Return only the lines from the top of the data down to the one that holds "قال البغوي: وسمعت", both included, without any pictures.

DATASET SECTION:
——————————

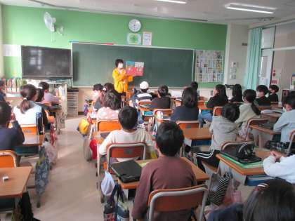 保健の学習と関連して,栄養教諭による食育の読み聞かせを行いました。
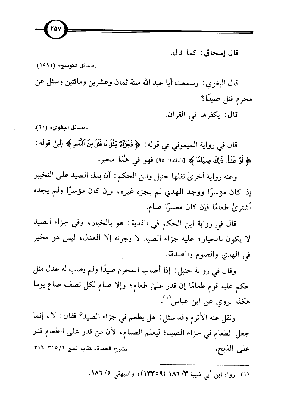 قال البغوي: وسمعت أبا عبد اللَّه سنة ثمان وعشرين ومائتين وسئل عن محرم قتل صيدًا؟
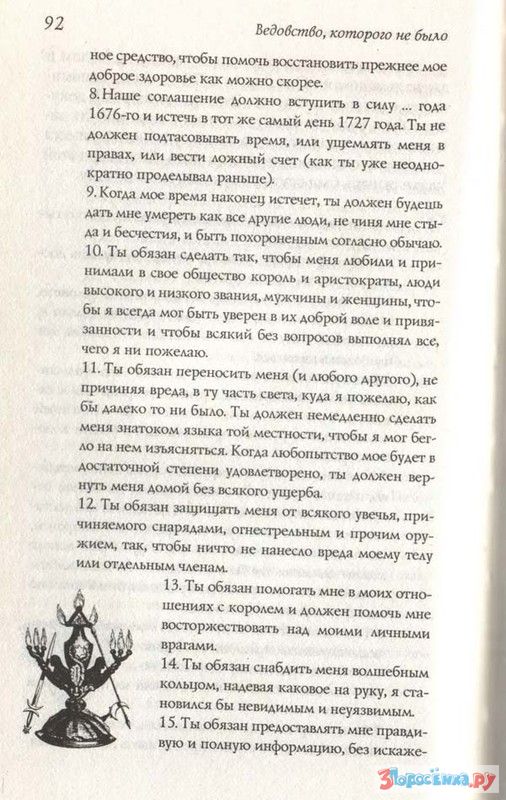 Отрывок взят из сборника статей Р.Х. Робинса "ВЕДОВСТВО, которого не было". Сей договор возможно был заключен между дьяволом и неким джентльменом из Пиньероля 1676 г. Но скорее всего бедняге пришлось придумывать все на ходу во время пыток. А так - забавно читать. Никаких просьб - только жесткие условия.

——————————

EXERCISE RESPONSE:
 保健の学習と関連して,栄養教諭による食育の読み聞かせを行いました。
 قال البغوي: وسمعت أبا عبد اللَّه سنة ثمان وعشرين ومائتين وسئل عن محرم قتل صيدًا؟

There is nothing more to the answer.